Large language models have taken the public attention by storm – no pun intended. In just half a decade large language models – transformers – have almost completely changed the field of natural language processing. Moreover, they have also begun to revolutionize fields such as computer vision and computational biology.
Since transformers have such a big impact on everyone’s research agenda, I wanted to flesh out a short reading list (an extended version of my comment yesterday) for machine learning researchers and practitioners getting started.
The following list below is meant to be read mostly chronologically, and I am entirely focusing on academic research papers. Of course, there are many additional resources out there that are useful. For example,
-
the Illustrated Transformer by Jay Alammar;
-
a more technical blog article by Lilian Weng;
-
a catalog and family tree of all major transformers to date by Xavier Amatriain;
-
a minimal code implementation of a generative language model for educational purposes by Andrej Karpathy;
-
a lecture series and book chapter by yours truly.
If you are new to transformers / large language models, it makes the most sense to start at the beginning.
(1) Neural Machine Translation by Jointly Learning to Align and Translate (2014) by Bahdanau, Cho, and Bengio, https://arxiv.org/abs/1409.0473
I recommend beginning with the above paper if you have a few minutes to spare. It introduces an attention mechanism for recurrent neural networks (RNN) to improve long-range sequence modeling capabilities. This allows RNNs to translate longer sentences more accurately – the motivation behind developing the original transformer architecture later.

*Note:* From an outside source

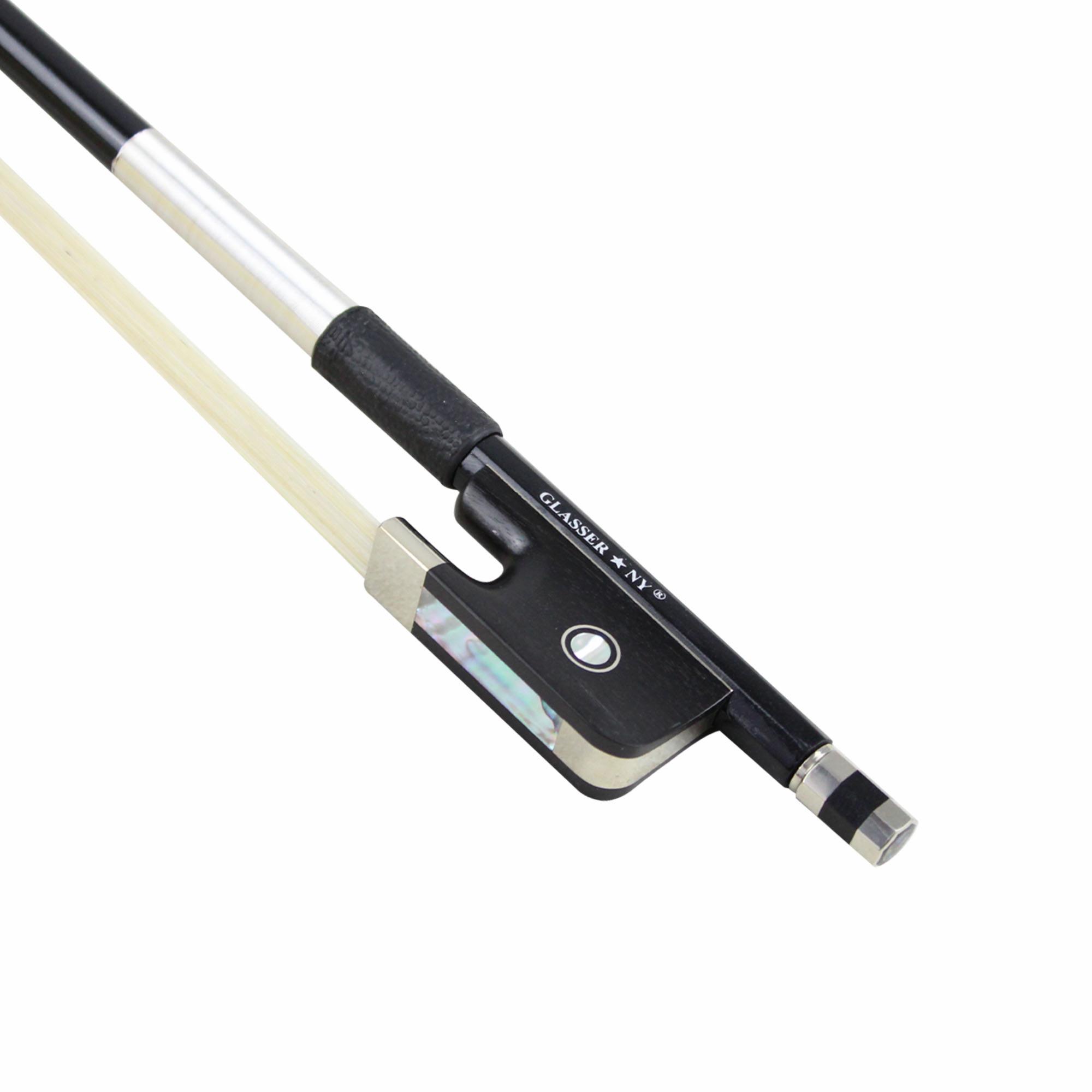 This is Glasser’s highest quality carbon graphite stick that also features a German-made ebony frog from Paulus. The nickel-silver fully mounted frog has a flamed abalone slide and double eye. Imitation lizard grip with nickel silver winding. Finish is high gloss black with premium stallion unbleached horsehair.

(2) Attention Is All You Need (2017) by Vaswani, Shazeer, Parmar, Uszkoreit, Jones, Gomez, Kaiser, and Polosukhin, https://arxiv.org/abs/1706.03762
The paper above introduces the original transformer architecture consisting of an encoder- and decoder part that will become relevant as separate modules later. Moreover, this paper introduces concepts such as the scaled dot product attention mechanism, multi-head attention blocks, and positional input encoding that remain the foundation of modern transformers.
(3) BERT: Pre-training of Deep Bidirectional Transformers for Language Understanding (2018) by Devlin, Chang, Lee, and Toutanova, https://arxiv.org/abs/1810.04805
Following the original transformer architecture, large language model research started to bifurcate in two directions: encoder-style transformers for predictive modeling tasks such as text classification and decoder-style transformers for generative modeling tasks such as translation, summarization, and other forms of text creation.

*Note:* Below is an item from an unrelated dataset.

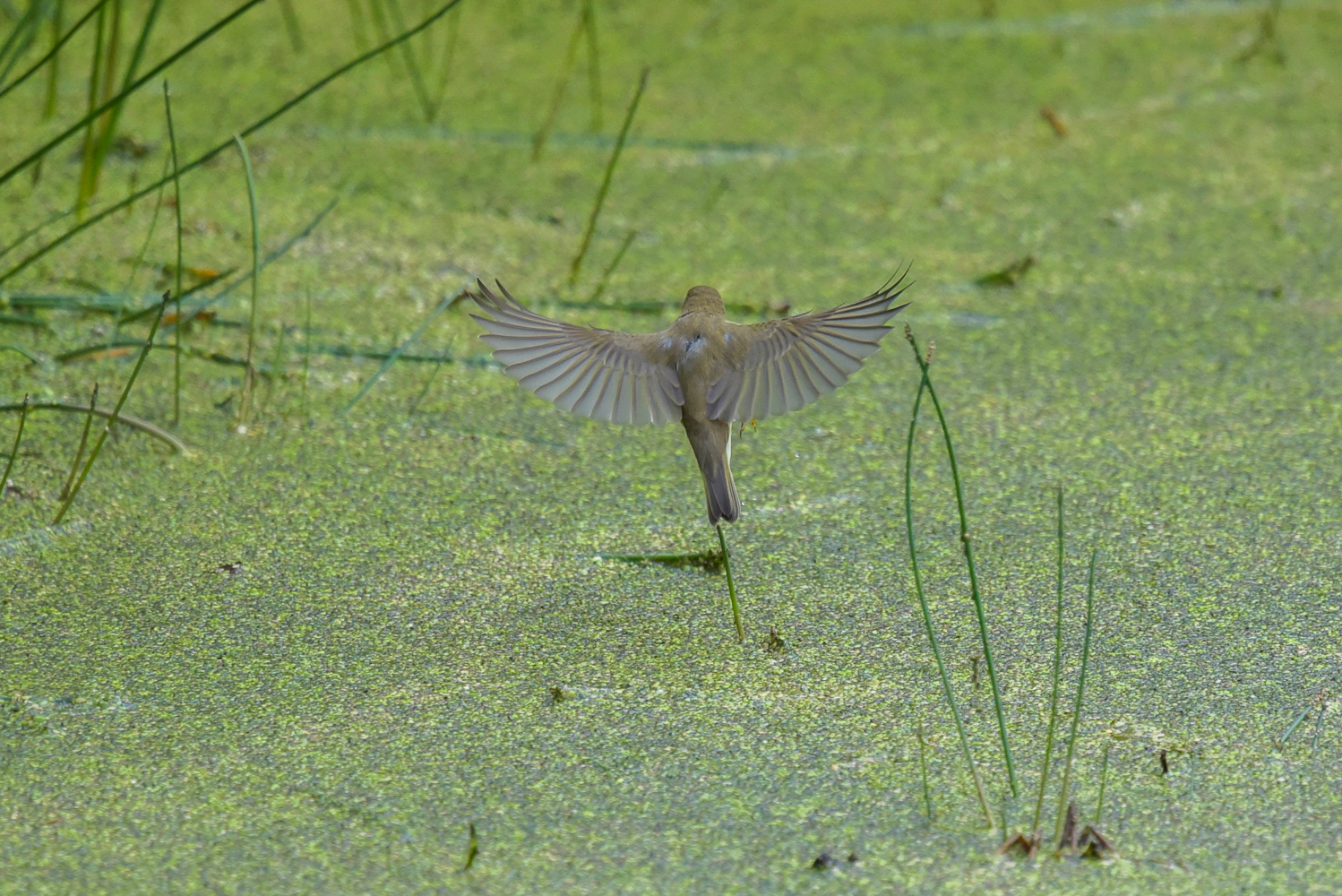 I øvrigt tydeligt, at projektion af håndsvingfjer kun er ca 50% af 'tertiær-længden' (ift Løvsanger - hvor længden er 'ens')

The BERT paper above introduces the original concept of masked-language modeling, and next-sentence prediction remains an influential decoder-style architecture. If you are interested in this research branch, I recommend following up with RoBERTa, which simplified the pretraining objectives by removing the next-sentence prediction tasks.
(4) Improving Language Understanding by Generative Pre-Training (2018) by Radford and Narasimhan, https://www.semanticscholar.org/paper/Improving-Language-Understanding-by-Generative-Radford-Narasimhan/cd18800a0fe0b668a1cc19f2ec95b5003d0a5035
The original GPT paper introduced the popular decoder-style architecture and pretraining via next-word prediction. Where BERT can be considered a bidirectional transformer due to its masked language model pretraining objective, GPT is a unidirectional, autoregressive model. While GPT embeddings can also be used for classification, the GPT approach is at the core of today’s most influential LLMs, such as chatGPT.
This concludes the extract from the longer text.